The following article appeared in the January 20th, 1998 edition of the Chronicle newspaper.
Florence Foster remembers Ladysmith when it had no electricity and when Tom O’Connell was the town’s only policeman.
She remembers the miners’ strike, when there was a bandstand at Market Square, and how volunteers, after laying the floor in the hall they were building, took time out to hold a dance. The next morning, they put up the walls on the Aggie Hall.
Florence will be 92 in a couple of months, but she looks 20 years younger. Her brother, Bill, lives across the harbour, but, at 85, she says he’s still a young fellow.
An honorary member of the Order of the Eastern Star, she still turns out, every week, to make dressings and trim stamps for the cancer society.
“I was always active, so it seems only right to continue to do what I can,” she smiles.
Florence has been a member of the Native Daughters for more than 50 years and for 43 of them, she helped by weighing babies.
She was a long-time enumerator for the town and when the popular, province-wide Vancouver Sun Teen Town program was at full swing, she helped the Native Daughters organize it here – all the while caring for her own daughters, June and Jackie, and her husband, Bert.

Florence was born here in 1906, two years after the town was incorporated. The family home, one of those brought by rail from Extension as James Dunsmuir created an instant town for his miners, still stands at First Avenue and White Street.
What did people do here in those early days?
“We pretty much made our own fun,” she recalls. “There was no television, of course, so we listened to radio programs.”
One of her early memories is her uncle making taffy, taffy so good every kid in town wanted some.
Later there was to be lots of dances, friendship and sports.
“There were a lot of people in town, and the hotels (there were 11 of them, at one point) were busy providing for the miners.
“I worked in a restaurant for a while, and I recall the miners buying books of meal tickets. They could eat for 50 cents, and we made them lunches.”
Florence didn’t know her husband, Bert, until she met him at Stanley Park, in Vancouver.
“It’s kind of hard to imagine that we were both born in Ladysmith and didn’t know each other; but people sort of kept to their own end of town in those days.”

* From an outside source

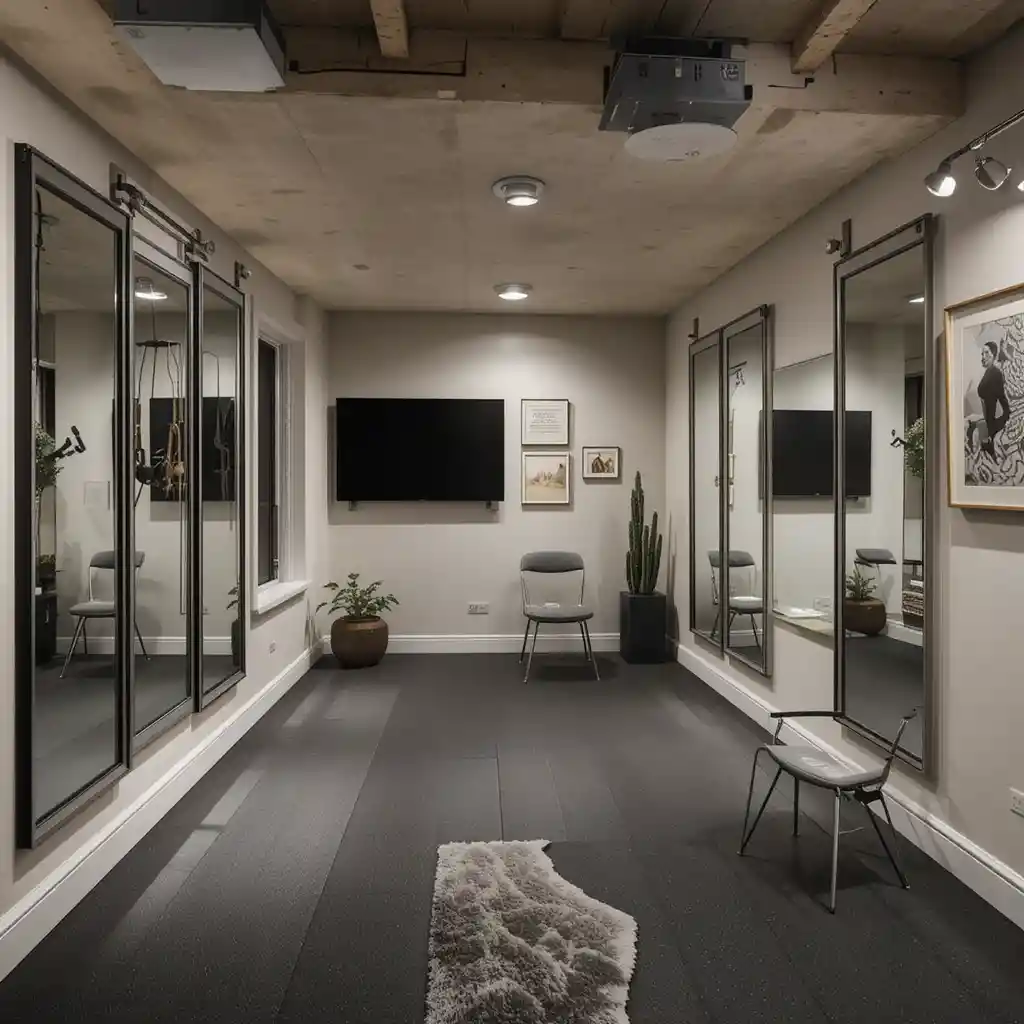 Use rubber flooring and full-length mirrors to build a functional fitness area. Add smart lighting and a Bluetooth speaker for motivation.

Public dances were more popular.
“We spent evenings dancing.. I remember Nicholson’s Hall, above where the Wigwam is today. We also visited one another often, and played cards.”

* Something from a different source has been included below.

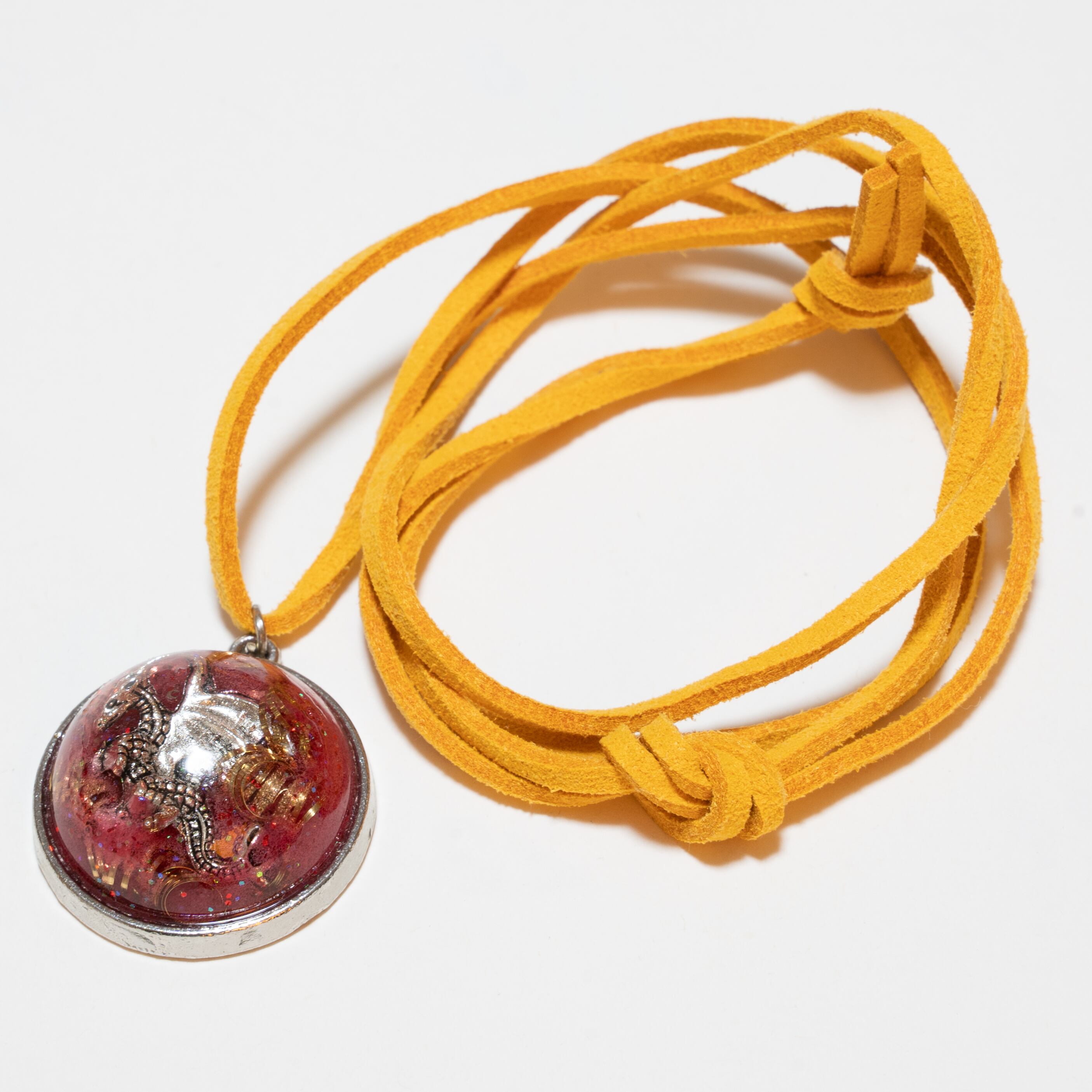 第1チャクラを活性する赤色はやる気とパワーそして勝利をもたらしてくれる色と言われ、 力を発揮したい時に時にオススメの色 ぷっくり半球ペンダントの中にはシルバー色のドラゴン入りで甘くなりすぎないペンダント オルゴナイト部 長さ 約2.5cm 幅 約2.5cm 厚さ 約1.2cm 重さ約9g 革ひも オレンジ色 約82cm お好きな長さで調整して自由にご使用ください。 定形外郵便 オルゴナイトはハンドメイドです 一つ一つ丁寧にお作りしていますが、キズ、歪み、色ムラ等も多少あります 画像をよくご確認のうえ、 ハンドメイドにご理解ご納得いただける方のみご検討ください

There were a lot of sports played too, through which Ladysmith gained a good measure of fame for its basketball, soccer and boxing teams.
“I remember a steamer coming to the coal dock and taking half the town over to New Westminster for a provincial basketball championship game.”
Bert worked the coal trans when he and Florence married. When the mines shut down, he found himself out of work, and they had to tough it out through the depression years. But when logging became king, Bert was soon back on the trains.
Florence says she never imagined Ladysmith would change like it has.
She loves the Festival of Lights, and says it takes her back to when the Chamber of Commerce sponsored a Christmas light-up of homes.
“It was nothing like it is now, but Bert and I entered, every year, and I still have a number of winners’ plaques.”
Has growth and the changes it brought to Ladysmith been good”
“For the most part,” she says, “but some things disturb me, especially the ill feeling about the teen drop-in centre.”
“We need to do what we can for the young people, just like when we had the Teen Town.”
She wishes she was young again, so she could help the kids.
“But I am still able to pull for them,” she smiles.
Contributed by Rollie Rose
Image added by LDHS from their files
Florence passed away in 2011 preceded by her husband, Bert, who passed away Feb 7, 1990. Both are buried in Ladysmith Cemetery.